* [WHAT TO PRODUCE]
Copy exactly the lines of the material below that fall between the line with "当取端面比压pc = 0.35MPa、转速n" and the line with "Peel the carrots", both of those lines included; pictures stay out.

* [EXERCISE INPUT]
#####

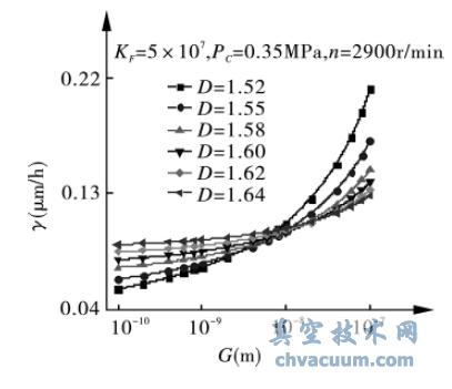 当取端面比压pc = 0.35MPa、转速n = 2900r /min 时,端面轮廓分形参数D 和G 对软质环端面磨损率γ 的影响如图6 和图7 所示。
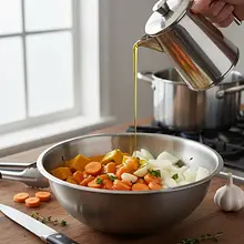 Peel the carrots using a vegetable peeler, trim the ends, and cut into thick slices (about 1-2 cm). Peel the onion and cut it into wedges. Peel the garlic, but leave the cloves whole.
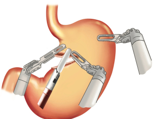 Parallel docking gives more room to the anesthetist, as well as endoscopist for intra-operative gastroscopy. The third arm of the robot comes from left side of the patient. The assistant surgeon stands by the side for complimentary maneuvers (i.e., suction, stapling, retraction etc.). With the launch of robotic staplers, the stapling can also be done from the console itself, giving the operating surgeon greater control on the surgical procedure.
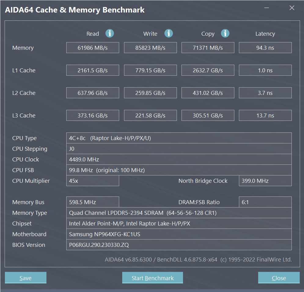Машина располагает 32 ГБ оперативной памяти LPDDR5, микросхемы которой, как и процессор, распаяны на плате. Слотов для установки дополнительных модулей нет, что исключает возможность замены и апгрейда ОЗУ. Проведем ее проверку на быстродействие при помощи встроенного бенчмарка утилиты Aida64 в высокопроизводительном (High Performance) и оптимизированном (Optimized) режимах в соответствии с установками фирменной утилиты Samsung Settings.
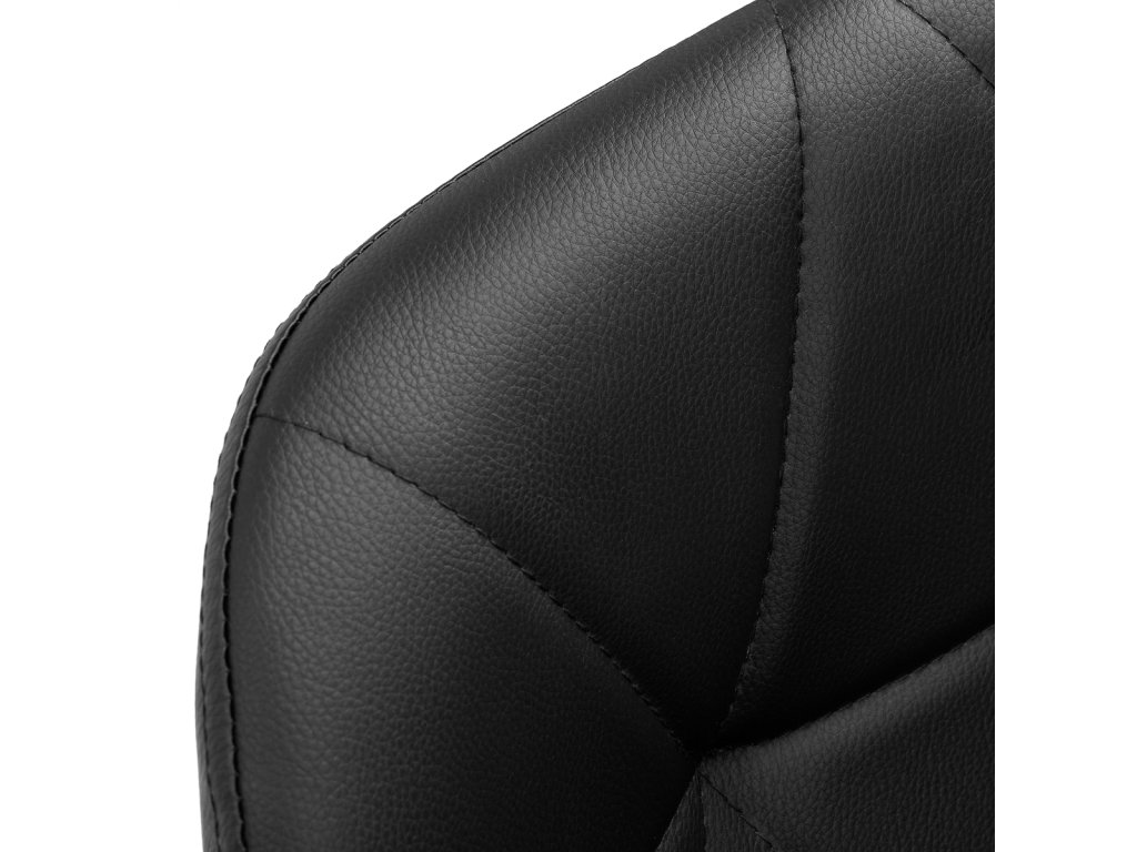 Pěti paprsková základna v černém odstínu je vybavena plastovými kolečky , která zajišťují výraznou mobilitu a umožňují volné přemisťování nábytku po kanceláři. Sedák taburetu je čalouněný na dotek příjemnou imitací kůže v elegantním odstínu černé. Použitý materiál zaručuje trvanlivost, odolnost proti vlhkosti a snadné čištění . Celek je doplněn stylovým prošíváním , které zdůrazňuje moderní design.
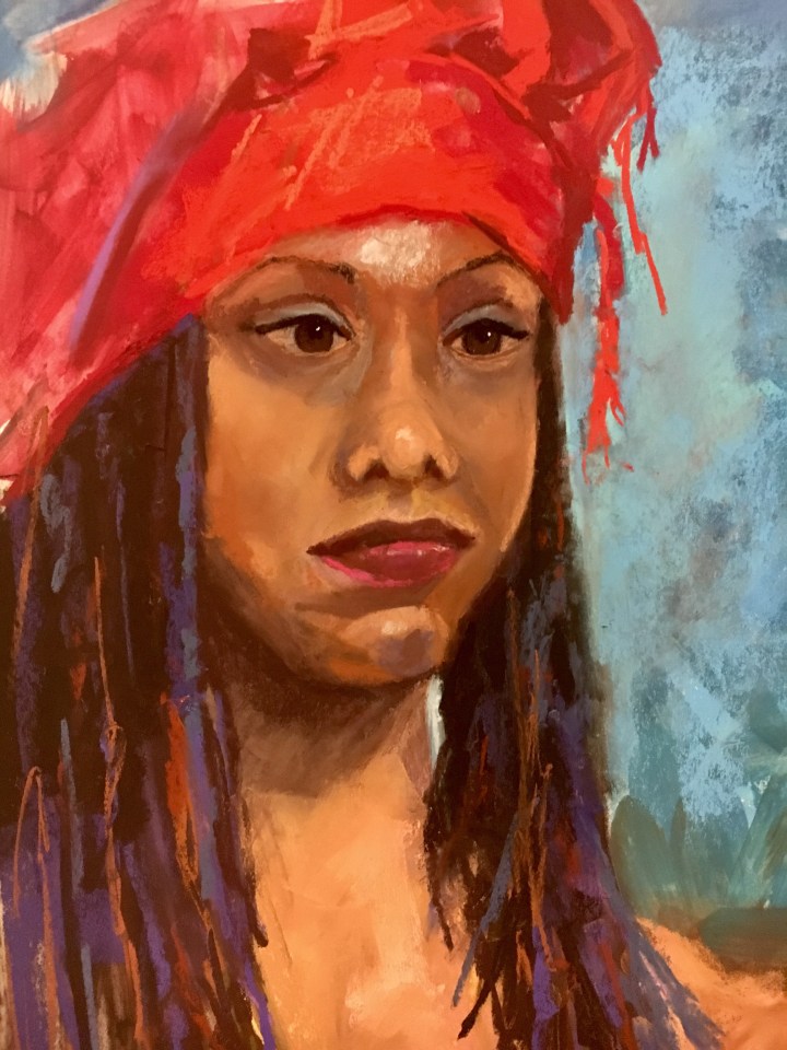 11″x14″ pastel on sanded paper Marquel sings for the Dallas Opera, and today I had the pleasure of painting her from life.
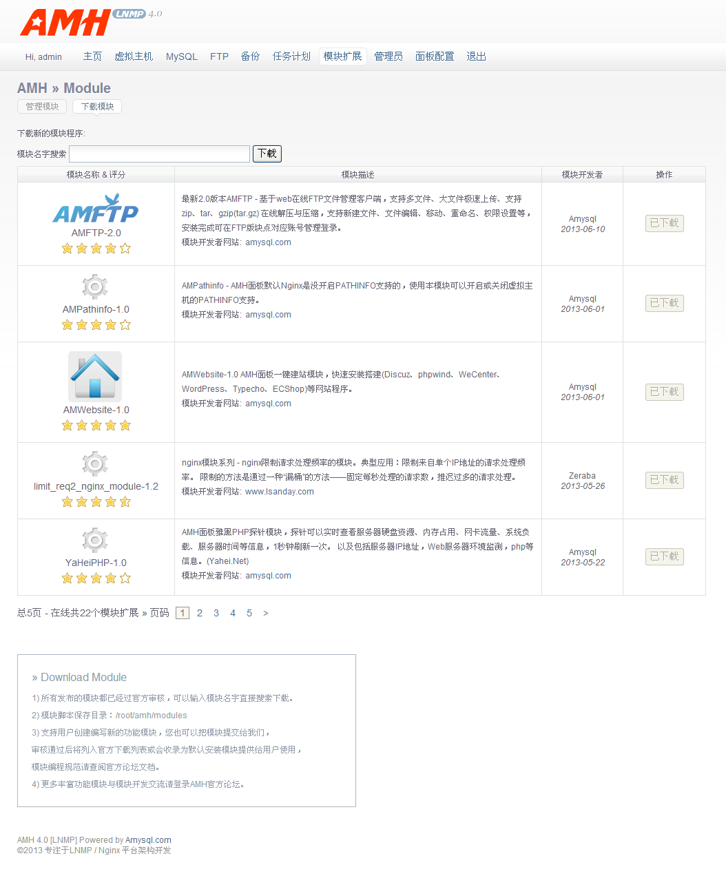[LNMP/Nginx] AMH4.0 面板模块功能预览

#####

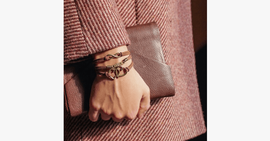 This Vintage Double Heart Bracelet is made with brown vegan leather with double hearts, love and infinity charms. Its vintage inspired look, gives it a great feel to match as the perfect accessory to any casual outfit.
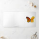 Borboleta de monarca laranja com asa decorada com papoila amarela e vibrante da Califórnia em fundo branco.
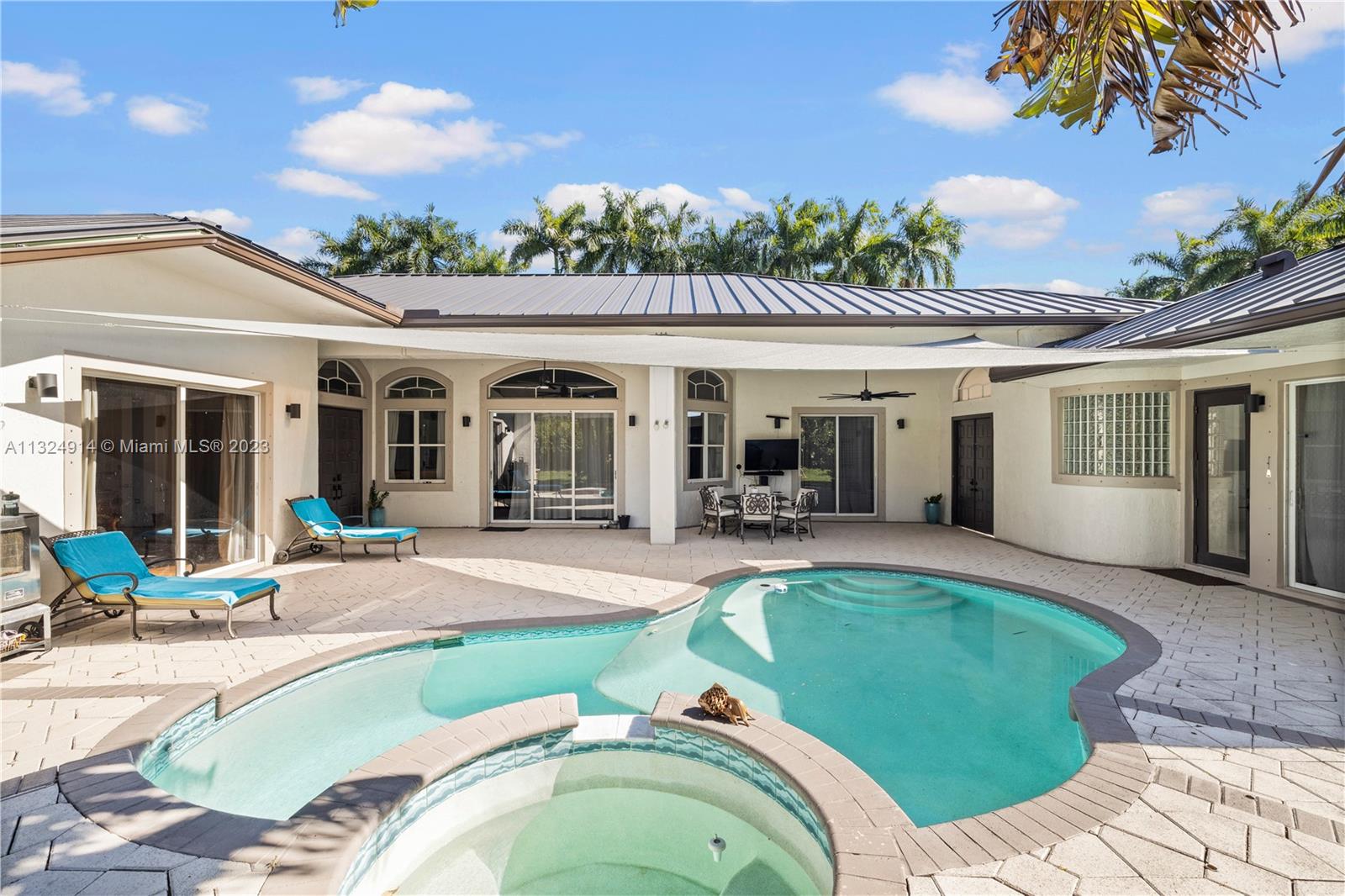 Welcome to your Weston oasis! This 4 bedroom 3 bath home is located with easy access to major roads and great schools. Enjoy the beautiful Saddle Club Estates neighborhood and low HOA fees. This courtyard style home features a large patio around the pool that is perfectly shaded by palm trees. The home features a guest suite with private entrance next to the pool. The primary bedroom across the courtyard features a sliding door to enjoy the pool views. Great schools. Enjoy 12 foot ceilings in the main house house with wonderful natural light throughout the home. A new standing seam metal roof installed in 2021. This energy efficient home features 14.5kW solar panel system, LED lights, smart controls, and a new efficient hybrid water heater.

#####

* [SOLVED EXERCISE]
 当取端面比压pc = 0.35MPa、转速n = 2900r /min 时,端面轮廓分形参数D 和G 对软质环端面磨损率γ 的影响如图6 和图7 所示。
 Peel the carrots using a vegetable peeler, trim the ends, and cut into thick slices (about 1-2 cm). Peel the onion and cut it into wedges. Peel the garlic, but leave the cloves whole.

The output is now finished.